"Eva Luna", Isabel Allende, 1987
Para alguém que aprecia e já leu muitos livros desta autora, acrescido do facto de que "Eva Luna" era um livro que há muito me tinha sido aconselhado por uma pessoa cujas apreciações tenho em consideração, posso dizer que este livro de Isabel Allende é porventura um daqueles que menos apreciei.
Achei-o pouco consistente, ligeiro, com uma estrutura fluida e superficial e, embora tenha ainda para ler "Contos de Eva Luna", sequência natural de "Eva Luna", certamente muitos outros livros que aguardam a sua vez de ser lidos terão prioridade sobre ele.
Eva é uma contadora de histórias, tal como Isabel Allende. Sobrevive e vence as dificuldades de uma vida errante e cheia de peripécias pela sua capacidade de efabular. Aprendeu isso com a mãe – Consuelo – uma mulher silenciosa, invisível, que tinha um prazer especial pela leitura e que quando contava histórias fazia "verdadeira magia". Embora habitando um espaço limitado, restringido à casa, ela capta todo aquele mundo sensorial feito de cheiros e imagens e carregado de fantasia e magia. Eva vai ter diversas experiências, conhecer inúmeras personagens e vai levar essa "bagagem" para recriar histórias e para passar pelo mundo, muitas vezes alheada e à margem do que vai acontecendo. Para contextualizar na época as vivências de Eva Luna, a autora tem a preocupação de ir aludindo a momentos marcantes da história da humanidade a partir dos anos 30 do século passado: as referências à Europa da 2ª grande guerra, as viagens espaciais e a cadela Laica como protagonista dessa aventura humana, a revolução cubana, o Che, a primavera de Praga, o fim da guerra do Vietname… Há também uma crítica aos regimes ditatoriais dos velhos caudilhos, dos Benfeitores, dos Amos da Pátria, dos Presidentes Vitalícios, substituídos por "democracias". Quando o poder cai na rua, a oligarquia financeira rapidamente se restabelece e de novo assume o poder. Antigos delatores e carrascos rapidamente passam por uma reconversão e integram-se na sociedade. Entretanto, os povos das regiões remotas e isoladas – referência aos Andes – continuam fora da realidade e para eles nada de novo acontece e nenhumas mudanças efectivas ocorrem nas suas vidas. Isabel Allende mantém-se fiel à sua leitura crítica sobre o poder e sobre a evolução política das sociedades.
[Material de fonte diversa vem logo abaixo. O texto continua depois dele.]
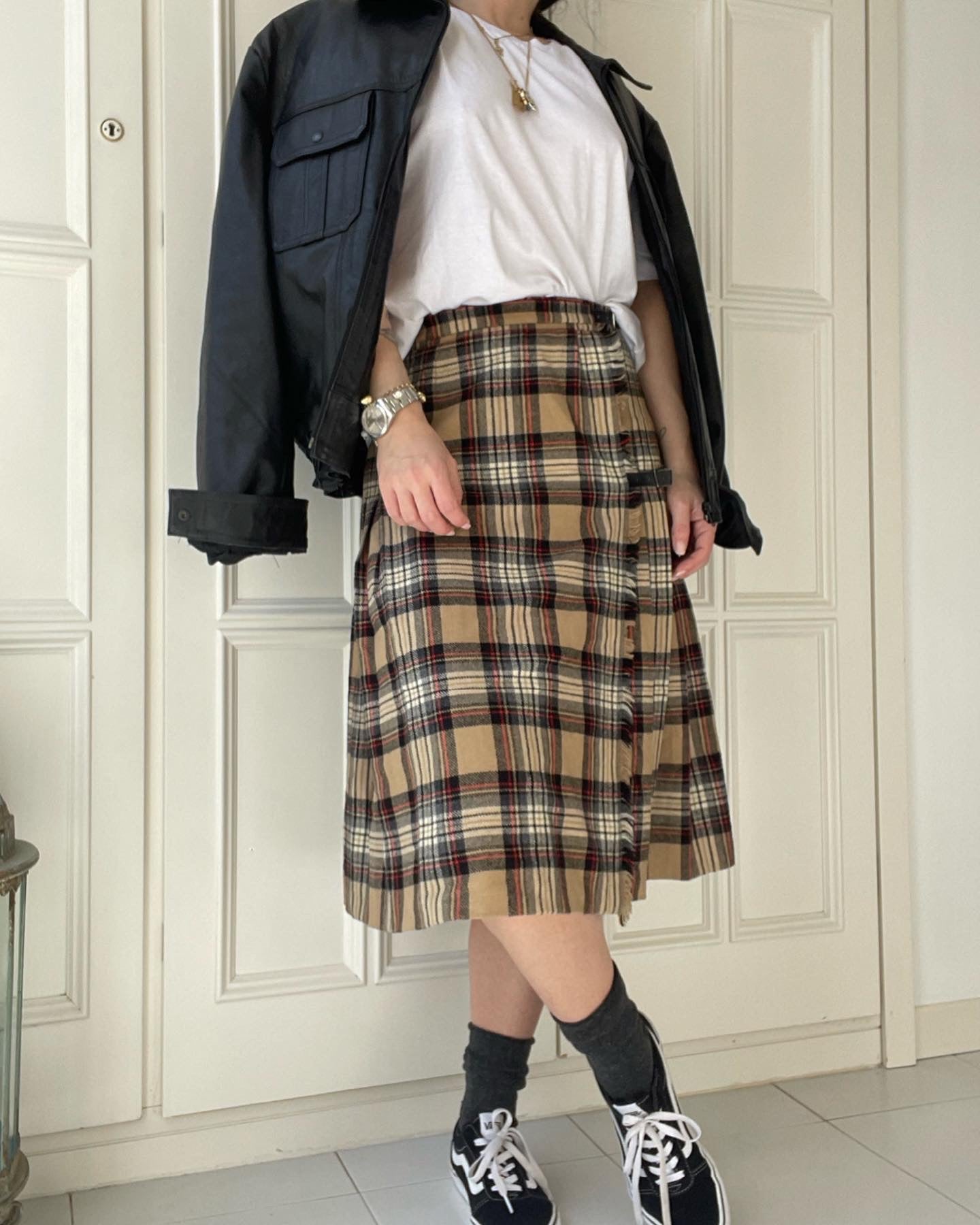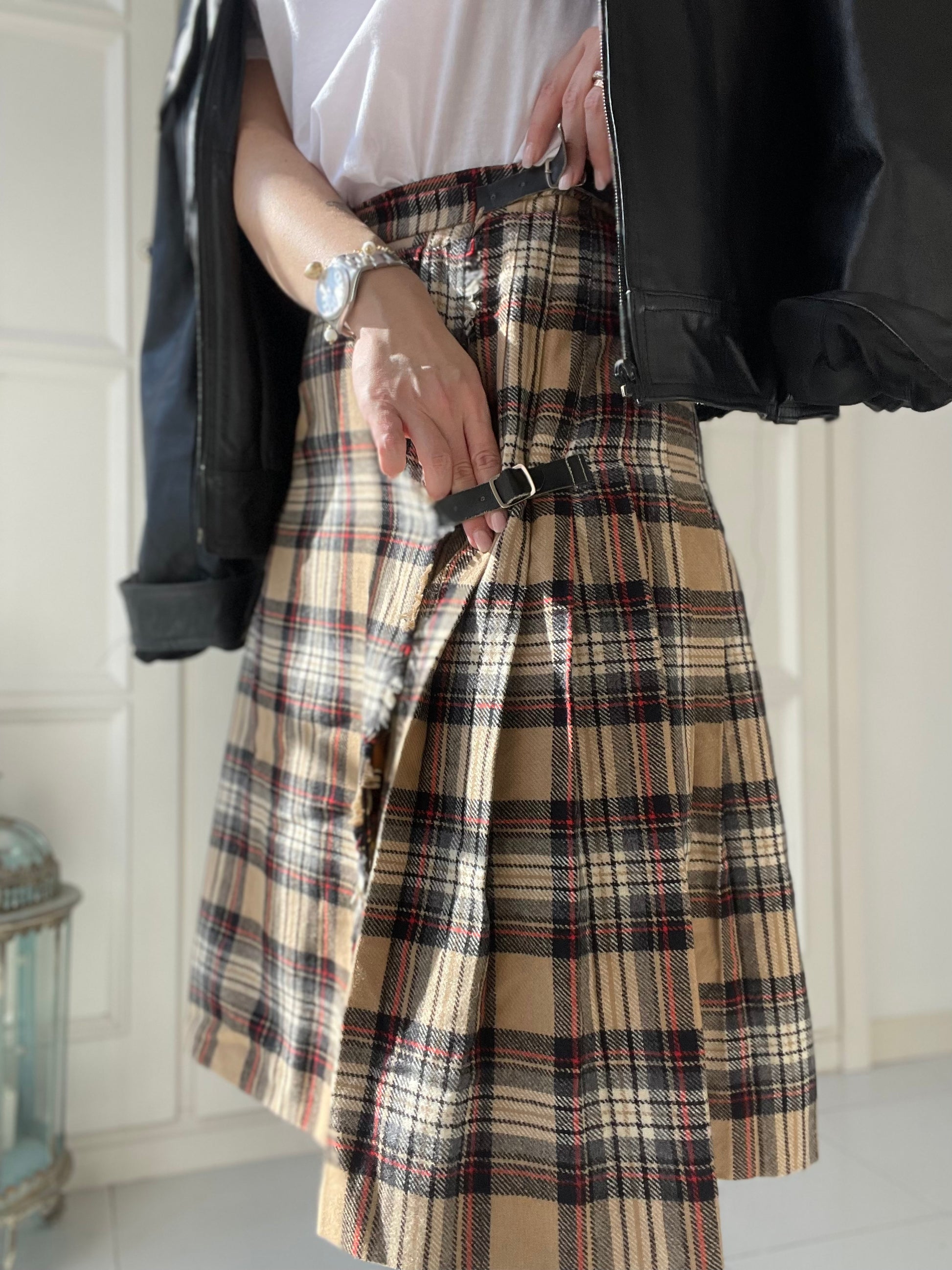 Gonna vintage sartoriale in pura lana tartan sui toni del beige
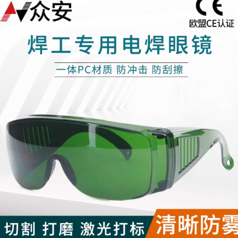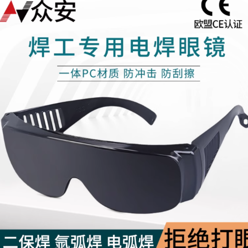众安 HF111-3-8 焊工眼镜电焊专用防护眼镜激光烧焊氩弧焊墨镜工业切割护目镜
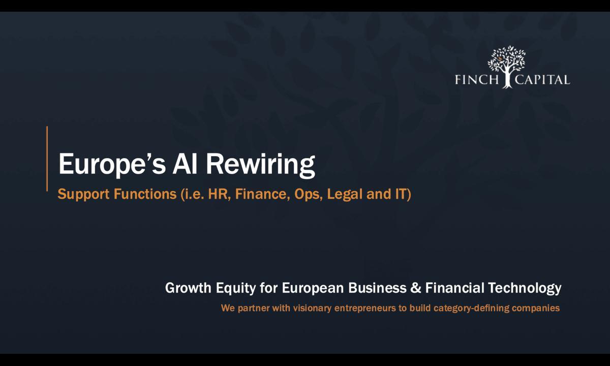 Finch Capital’s annual State of European Business Technology report spotlights a major theme: Europe’s AI Rewiring of Support Functions (i.e. HR, Finance, Ops, Legal and IT). The report reveals a decisive shift in how modern companies build and scale efficiently, harnessing AI to unlock deeper insights and significant performance gains. As growth gives way to profitability, businesses are increasingly focused on improving margins and productivity through AI-driven solutions – delivering value and insights to the front office and transforming support functions from “cost centres” into “performance centres.” What was once considered “back-office software” has become strategic infrastructure, powering automation, data-led decision-making, and value creation across all business functions.
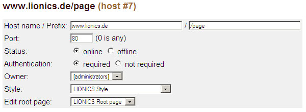 - Host Administration (Webauftritte, virtuelle Hosts)
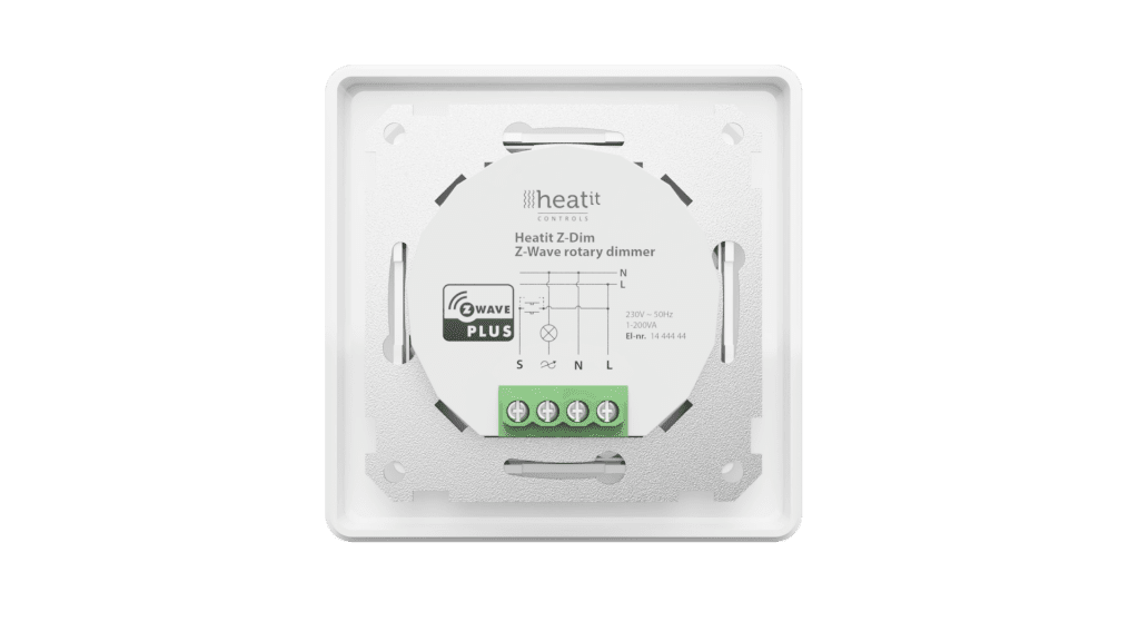 Heatit Z-Dim is a rotary Z-Wave dimmer for many different types of light sources. Heatit Z-Dim works at low loads without making the lights flicker. It dims 1-200VA LED bulbs, dimmable LED drivers and electronic transformers. L + N wires must be connected.
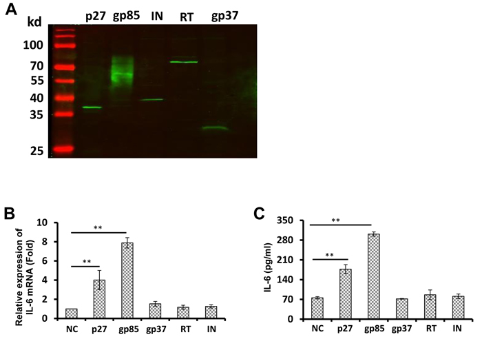 To examine whether the ALV-J-induced IL-6 expression was caused by ALV-J proteins, we analyzed the effect of p27, gp85, integrase, reverse transcriptase, and gp37 on IL-6 levels in splenocytes. Expression vectors of p27, gp85, integrase, reverse transcriptase, and gp37 were constructed, and the protein expression was confirmed by western blotting (Figure 2A). Splenocytes were then transfected with each respective vector. Cells and supernatants were harvested 48 h post-transfection for IL-6 mRNA and protein measurement by real-time reverse transcription-PCR (RT-PCR) and ELISA, respectively. The results showed that only gp85 and p27 increased the production of IL-6, with gp85 playing a more significant role. As shown in Figures 2B and 2C, ALV-J gp85 and p27 proteins increased IL-6 mRNA levels by approximately 8-fold and 4-fold, respectively, (p < 0.01). At protein levels, the increase was smaller, but still significant (p < 0.01). None of the other tested ALV-J proteins were able to increase IL-6 gene expression. These results indicate that ALV-J gp85 and p27 proteins promote the IL-6 expression.
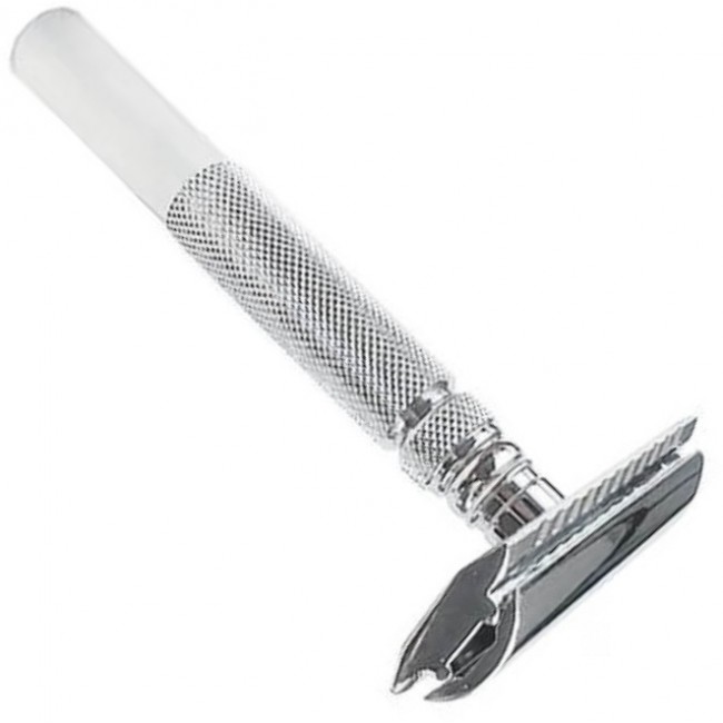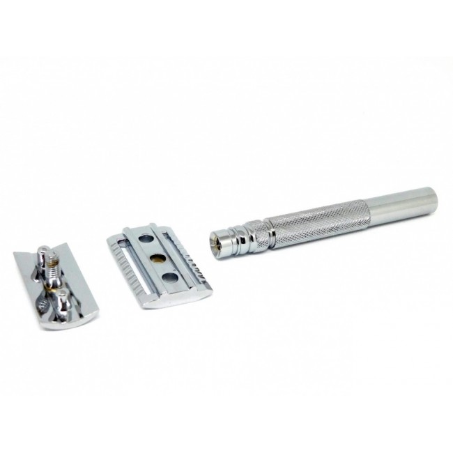 Это классический станок, состоящий из трёх частей. Текстурированная ручка имеет гальваническое покрытие, что делает ее потрясающей для использования мокрыми и мыльными руками. Бритва оснащена современной головой закрытого типа, которая была разработана для минимизации порезов благодаря точному углу лезвия и экспозиции. Это отличный выбор как для начинающих, так и опытных пользователей безопасной бритвы.
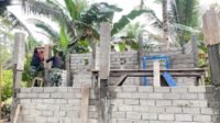 Meski cuaca panas cukup ekstrem, pengerjaan tetap berjalan sesuai tahapan. Dimulai dari pemasangan papan mall, penyusunan batu koral sebagai penguat pondasi, hingga pengecoran beton secara bertahap dan terukur.
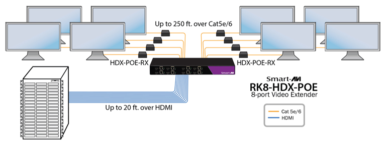 8-Port Rackmount HDBaseT HDMI and IR Extender Transmitter over a Single Cat5/5e/6 Cable. Includes: [RK8- HDXPOE-TX, CCWPWR]
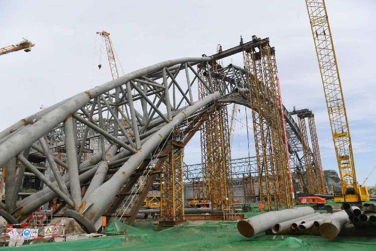 9月19日,新国展二期项目施工现场,正在合拢的拱门巨型桁架。北京建工集团新国展二期项目经理徐德林向新京报记者介绍,“我们连续攻克巨型箱型组合梁、序厅桁架、索幕墙桁架等多项施工技术难题。拱门巨型桁架区是整个项目最后一块难啃的硬骨头,也是完成钢结构封顶的最后一块‘拼图’。”
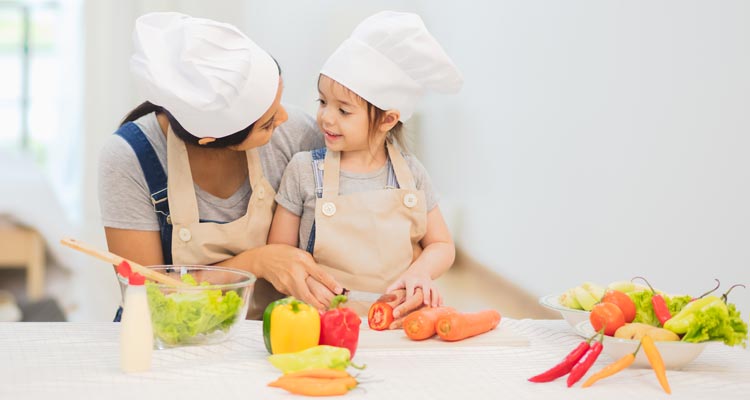 ● ชวนลูกเข้าครัวช่วยทำอาหาร ลองชวนลูกมาสนุก ให้ช่วยทำอาหารไปพร้อมกัน จะช่วยกระตุ้นให้ลูกอยากกินอาหารมากขึ้น เพราะเป็นอาหารที่ตัวเองได้ลงมือทำเอง
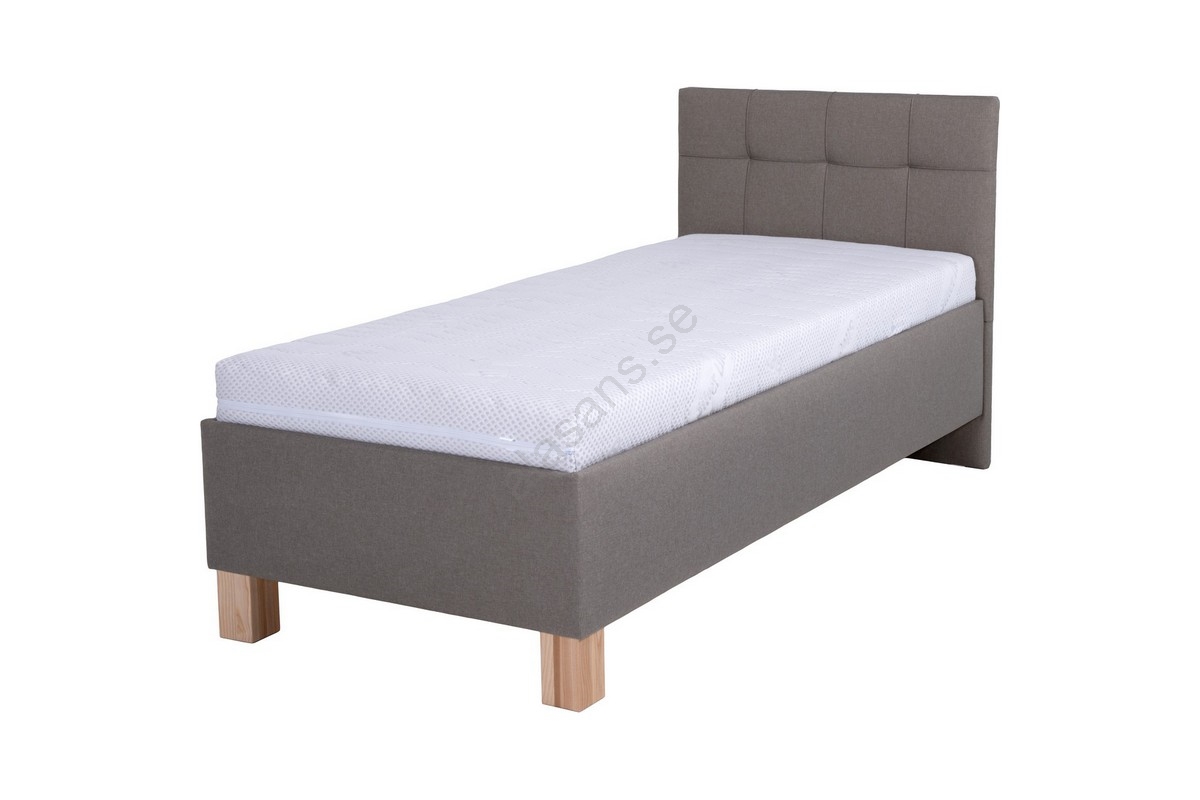 • MARIA ONE — tygklädd säng med förvaring, 90x200 cm, utan madrass, grå
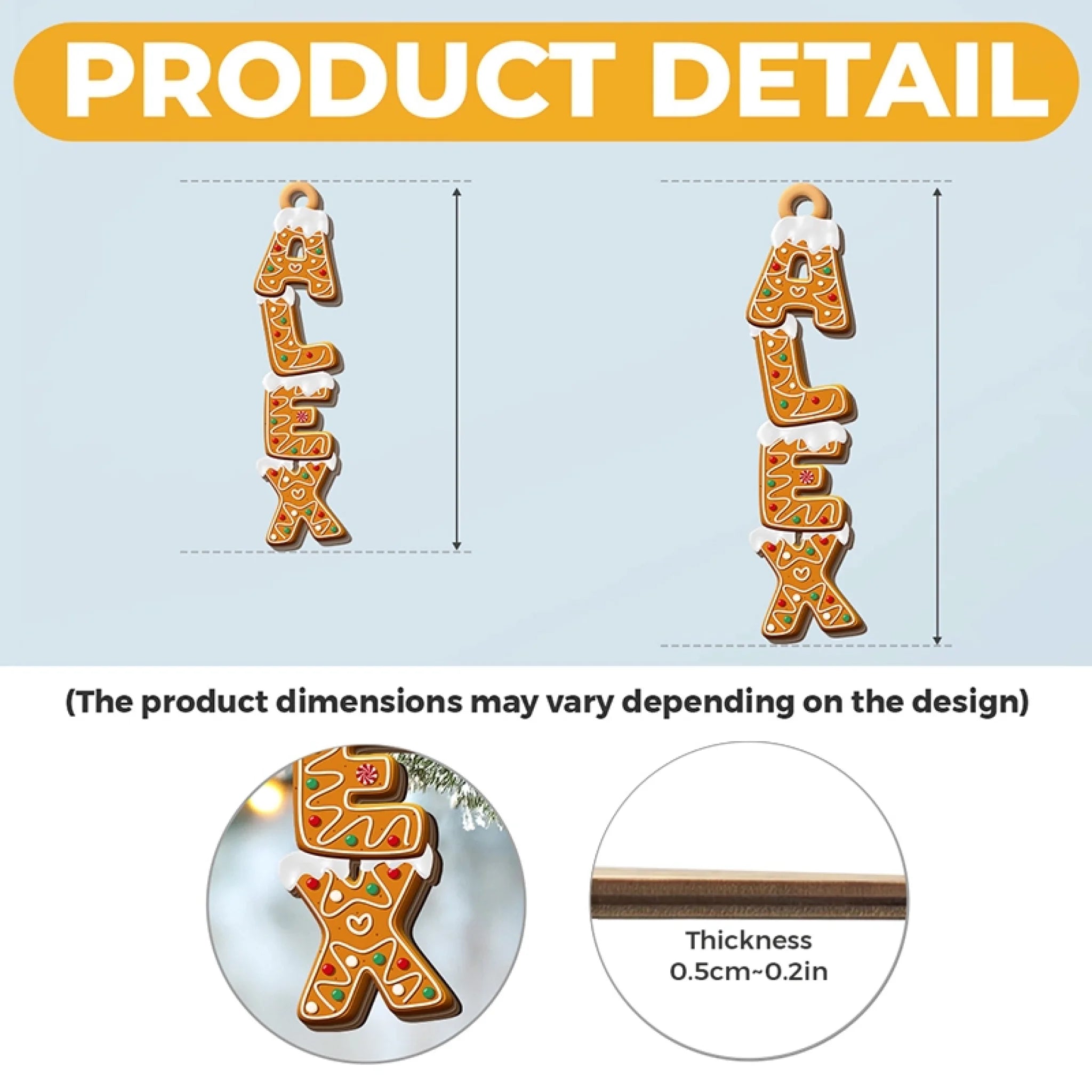 Custom Gingerbread Letter Wooden Ornament - Personalized Christmas Birthday Gifts For Mom, Dad, Brother, Sister, Kids - One Letter At A Time
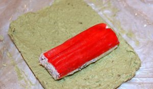 - En una mesa cubierta con film transparente, coloque una masa congelada de aguacate, rollo de palitos de cangrejo refrigerados con relleno.
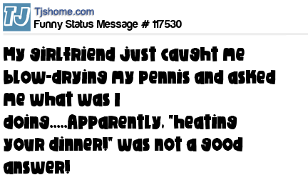- # 91887 My girlfriend just caught me blow drying my pen!s and asked me what was I doing...apparently "heating your dinner" wasn't the right answer.
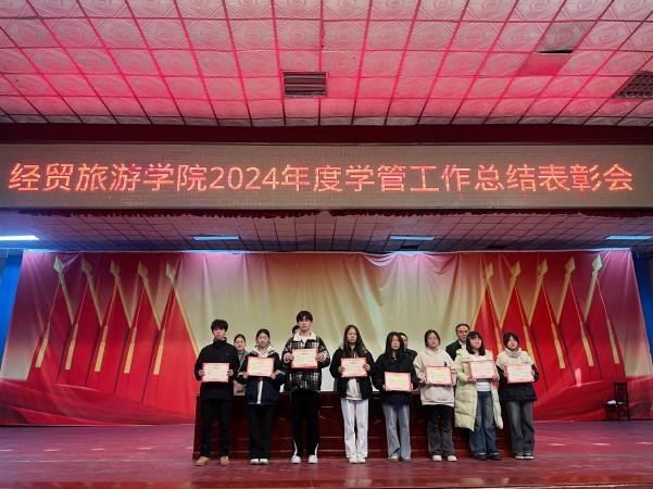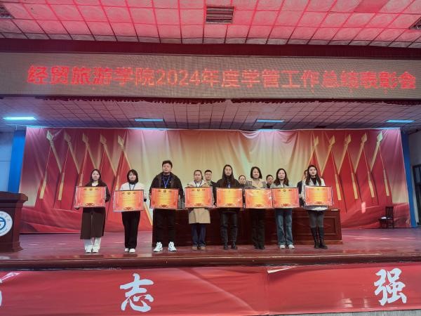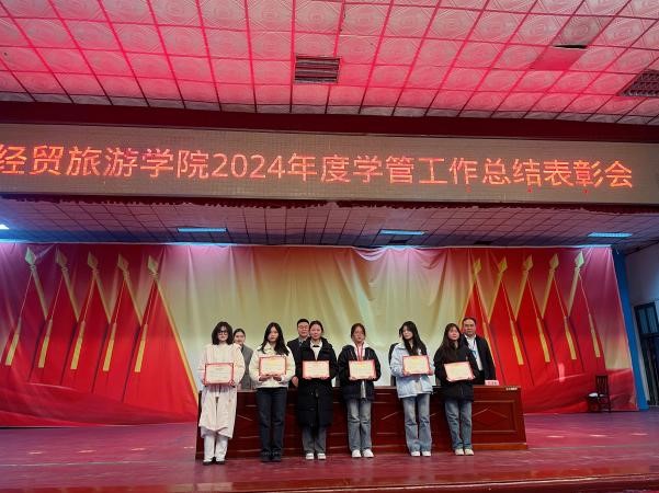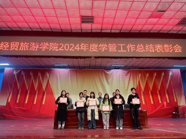2025年1月4日,經貿旅游學院2024年度學管工作總結表彰會在學校大禮堂隆重舉行。會議由經貿旅游學院黨總支專職副書記唐佳潔主持,經貿旅游學院領導、學管人員、班主任、獲獎學生和班級學生代表參加會議。
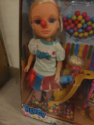 Nancy completa. Solo puesta en vitrina. Como nueva. La caja algo deteriorada. Descatalogada. Ideal coleccionistas. - Incluye accesorios. - Presentada en su caja original. Muñeca Nancy con su parque de bolas y accesorios. - Incluye muñeca Nancy. - Parque de bolas con tobogán. - Accesorios temáticos de payaso y juego.

Alguns temas presentes neste livro de Isabel Allende, para além de uma sensualidade e erotismo em que a autora é mestra no uso das palavras, a sua abordagem da transexualidade, a propósito de uma das personagens com que Eva se relaciona. Também a sua relação com a guerrilha – Huberto Naranjo – e com um fotófrafo que filma os guerrilheiros – Rolf Carlé – é motivo para uma série de considerações sobre a postura dos revolucionários e guerrilheiros que sublimam qualquer dor e sofrimento em nome do ideal revolucionário, tornando-se como que máquinas. Como feminista assumida que é, as suas personagens femininas são também ensejo para considerações que lançam o foco sobre as diferentes discriminações a que as mulheres são sujeitas e, no caso das que abraçam a revolução, encaradas como subalternas, contribuindo para a luta, mas excluídas das decisões e do poder.
Embora esta seja, quanto a mim, uma obra menos interessante de Isabel Allende, acho que estes aspectos a que acima aludi são uma marca importante da escrita desta autora da América Latina.